The stock market’s response to China’s latest economic data, particularly the 6.9 percent GDP growth in the third quarter, indicates that the market has begun to accept the “new normal”.
Although fixed asset investments and export data are weak, the service sector performed well.
In the first three quarters, the service industry accounted for 51.4 percent of the GDP, up 2.3 percentage points from a year ago. Consumption spending contributed 58.4 percent of the GDP growth, a record high level.
Data shows that the previous stock market turmoil hasn’t really made an impact on the people’s consumption power and the change in economic structure is running in the right direction.
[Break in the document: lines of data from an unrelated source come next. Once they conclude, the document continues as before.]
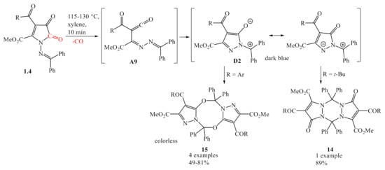 These types of methyleneamino substituted acyl(imidoyl)ketenes A9 are readily generated from 1-[(diphenylmethylidene)amino] substituted 4-acyl-1H-pyrrole-2,3-diones 1.4 (Scheme 15) [64,65]. Formed zwitterions D2 undergo dimerization reaction through two possible pathways in the dependence on the type of acyl substituent COR. When acyl substituent is pivaloyl (R = t-Bu), zwitterions D2 participate in [3+3]-cycloaddition reaction as 1,3-dipoles to form symmetric tetrazines 14, and when acyl substituent is aroyl (R = Ar), zwitterions D2 participate in [4+4]-cycloaddition reaction as 1,4-dipoles to form symmetric bis-pyrazolodioxadiazocines 15 (Scheme 15). Formation of compounds 15 is a reversible process, which is indicated visually by the change of their solutions’ color from colorless to dark blue when their solutions are heated, and vice versa, when cooled [64,65]. Due to this property, compounds 15 can be successfully used in synthetic procedures as a source of zwitteriones D2 [65].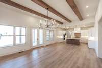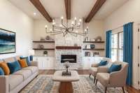 Step inside to discover abundant natural light, gleaming floors, custom wood beam accents, and stylish high- end finishes throughout. The chef’s kitchen is the heart of the home, showcasing quartz countertops, a 36” stainless gas cooktop, KitchenAid double ovens, and ample cabinetry, making it perfect for cooking, hosting, and gathering.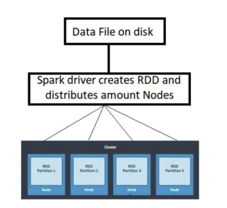 - Spark가 데이터 처리를 시작하면 데이터를 파티션으로 나누고, 각 노드가 데이터 조각을 포함하여 클러스터 노드에 데이터를 분배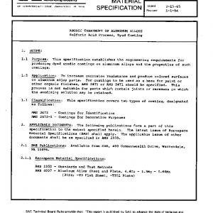 This specification establishes the engineering requirements for producing dyed anodic coatings on aluminum alloys and the properties of such coatings.

Many had been overly concerned about China’s economic issues.
But the property market, a pillar of the Chinese economy, has begun to rebound — both home prices and transaction volumes have been on the rise.
In addition, authorities are launching market-oriented stimulus measures to ensure smooth economic growth.
Recently, the National Reform and Development Commission has stepped up the approval of new railway plans, among other infrastructure projects.
In September, the government announced tax incentives for the purchase of passenger vehicles.
The down payment for first-home buyers was cut in most cities, including the top-tier ones.
We believe China can successfully implement the stimulus measures and achieve its growth target of at least 6.5 percent this year.
The expected inclusion of the renminbi in the International Monetary Fund’s special drawing rights basket will help stabilize the currency’s exchange rate and stabilize capital flows.
As of the end of August, China’s foreign reserves were above US$3.5 trillion. It is enough to keep the exchange rate stable.
We also believe the central bank will eventually open its financial account as financial reforms continue.
After the stock market crash in the third quarter, Chinese companies are oversold, especially in the case of H shares.
The valuation of H shares is very low, even below their level during 2008 financial crisis. It’s a good opportunity to invest.
Aside from stocks related to the reform of state-owned enterprises, investors can consider buying mainland insurers and real estate companies.
This article appeared in the Hong Kong Economic Journal on Oct. 28.